» **Directions for this task**:
When you reproduce the data, keep every word exactly as it stands and leave the pictures out.

» **Recorded information**:
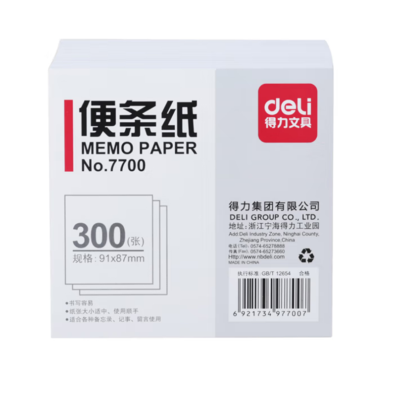 得力(deli)7700记事贴便条纸便签本留言本空白纸空白记事本便签条学生用品办公用品 (91*87mm) 自营
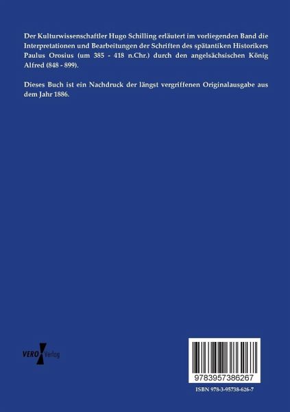 Der Kulturwissenschaftler Hugo Schilling erläutert im vorliegenden Band die Interpretationen und Bearbeitungen der Schriften des spätantiken Historikers Paulus Orosius (um 385 - 418 n.Chr.) durch den angelsächsischen König Alfred (848 - 899).
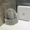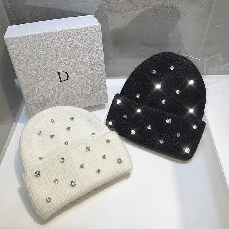 French Light Luxury Rhinestone Heavy Industry Rabbit Hair Knitted Hat Women'S Sweet Versatile Headgear Outdoor Thermal Hat

» **Solution for this task**:
 得力(deli)7700记事贴便条纸便签本留言本空白纸空白记事本便签条学生用品办公用品 (91*87mm) 自营
 Der Kulturwissenschaftler Hugo Schilling erläutert im vorliegenden Band die Interpretationen und Bearbeitungen der Schriften des spätantiken Historikers Paulus Orosius (um 385 - 418 n.Chr.) durch den angelsächsischen König Alfred (848 - 899).
 French Light Luxury Rhinestone Heavy Industry Rabbit Hair Knitted Hat Women'S Sweet Versatile Headgear Outdoor Thermal Hat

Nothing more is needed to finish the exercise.